As regular readers will be unsurprised to learn, I’m delighted with this perspective. Indeed tranches of this blog are devoted precisely to the important area ^[7]. I am also somewhat allergic to a focus on fripperies at the expense of substance, something I discussed most directly in “All that glisters is not gold” – some thoughts on dashboards. These perspectives seem to be well-aligned with the stances being adopted by many CDOs.

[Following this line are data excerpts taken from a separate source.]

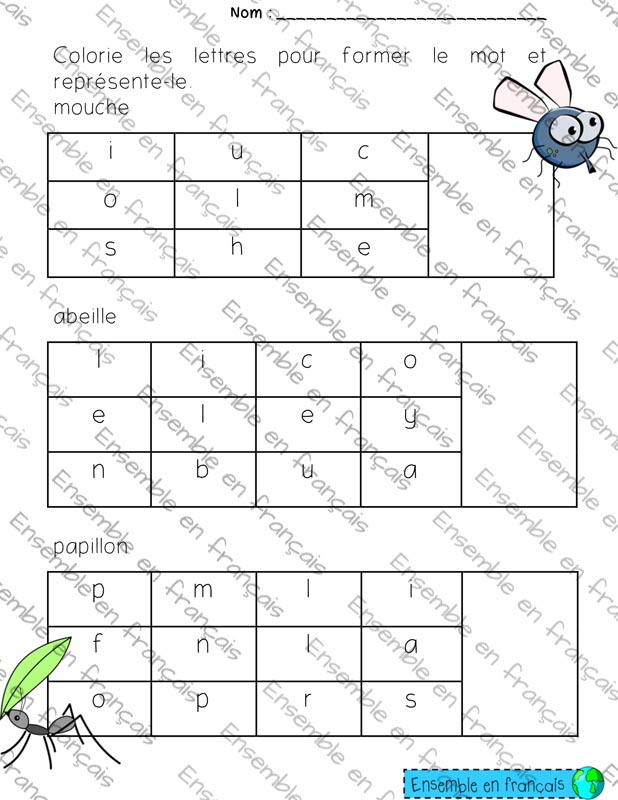 Galerie Colorie les lettres pour former le mot 23. Insectes, Débutant Colorie les lettres pour former le mot Télécharger ensembleenfrancais-admin 2019-07-16T16:18:14-05:00 23. Insectes, Débutant|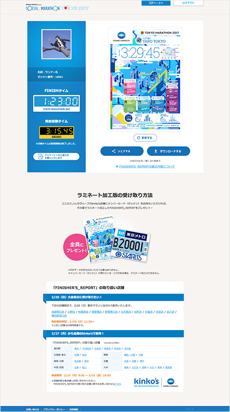 東京マラソンの大会中、コース通過タイムをFacebookまたはTwitterへ自動投稿するWebサービス「SOCIAL_MARATHON TOKYO」。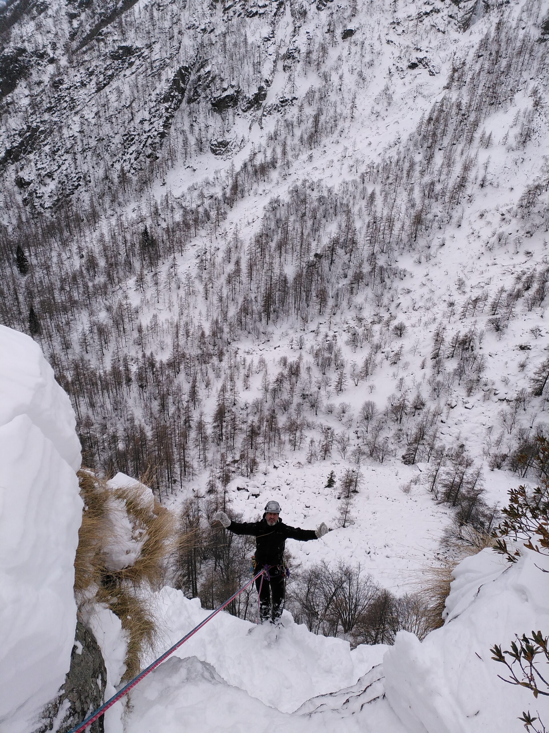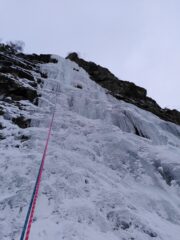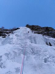Cascata nel complesso ben formata con la possibilità di seguire diverse linee dal 4 al 5 grado. Noi abbiamo seguito la parte centro/sinistra, e abbiamo dovuto evitare il tratto iniziale della prima colonna perché troppo bagnato. Fatto la cascata in tre tiri con soste su ghiaccio (la seconda in un bel grottino). Molto bello il muro finale. Sulla dx dopo il primo tiro si trova una sosta su chiodi marci, ma abbiamo preferito fare sosta su ghiaccio, come anche la successiva per necessità non essendoci alternative. Discesa in 2 doppie: la prima dall’alberello (l’abbiamo rinforzata con un nuovo cordone) e la seconda su abalakov.

As with any form of change, the group unanimously felt that good communication lay at the heart of success. A good CDO needs to be a consummate communicator.

Tune in next time…

I have hopefully already given some sense of the span of topics the CDO Executive Forum discussed. The final article in this short series covers a further 5 themes and then look to link these together with some more general conclusions about what a CDO should do and how they should do it.

Notes

^[1]	Somewhat encouragingly three of these were actually wise women, then maybe I am setting the bar too low!
^[2]	Though if reporting to a COO, the CDO will need to make sure that they stay close to wherever business strategy is developed; perhaps the CEO, perhaps a senior strategy or marketing executive.
^[3]	I plan to write on the CDO / CAO dichotomy in coming weeks. UPDATE: I guess it took more than a few weeks, but now see: The Chief Data Officer “Sweet Spot” and Alphabet Soup
^[4]	I will expand on this area in Theme 6, which will be part of the second article in this series.
^[5]	I actually have the cardinality wrong here as per my earlier article.
^[6]	I will return to this point in Theme 9, which again will be part of the second article in the series.
^[7]	A list of articles about cultural change in the context of information programmes may be viewed here.